Hopeless Sepsis Criteria, Pediatric Edition
Academic criteria trying to mutate into clinical application.
If you’ve been dismayed by the ongoing infatuation of CMS with SEP-3, the sepsis “quality” measure for adults, I’m sure you’ll be excited to hear about the present obsession with the Phoenix Sepsis Criteria for children.
Children with sepsis, just like in adults, see high mortality once organ dysfunction sets in. Naturally, therefore, early recognition and appropriate escalation are necessary. The PSC, however, are useful for objectively defining the presence of sepsis, but, by that point, the ship has sailed as far as any missed opportunities for early intervention. After all, the PSC includes such rarely-collected lab values as INR, fibrinogen and D-dimer, and includes features such as respiratory and circulatory support.

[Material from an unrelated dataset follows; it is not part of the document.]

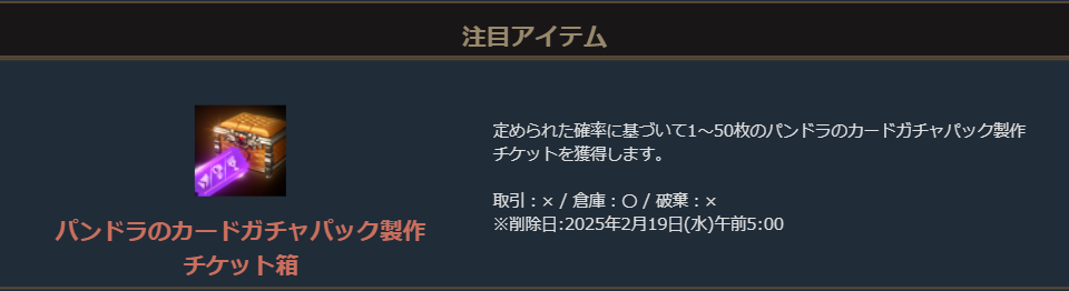 さらに、「パンドラのカードガチャパック製作チケット箱」から1~50枚獲得できる「パンドラのカードガチャパック製作チケット」では「最上級ピックアップパック選択箱」や「神秘の聖物ガチャパック(イベント)」を製作することができます。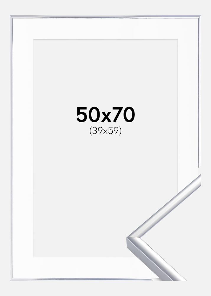 Kehys Alumiini Kiiltävä Hopea 50x70 cm - Passepartout Valkoinen 40x60 cm

In this study, the PECARN family gets together to try and use machine learning methods to detect which children presenting to the emergency department will go on to develop PSC-defined sepsis and septic shock. With 1.6M visits to train (0.35% sepsis, 0.15% septic shock) and 700k held out to test, these data scientists were able to develop a model with AUROC of 0.936. This sounds OK until the rubber hits the road choosing a threshold for clinical implementation – specificities of ~0.8 when mandating a sensitivity of 0.9:
As you can see, this means the positive predictive value of a positive result is ~2% – 50 false positives for every true positive. The utility of their model is also further limited as seen in their SHAP values, where ESI triage criteria are the most important features – and performance degrades when this human insight is removed from the model.
So, an attempt to develop a gateway to prognosticating high-risk PSC children in the ED – sadly, and predictably, unusable.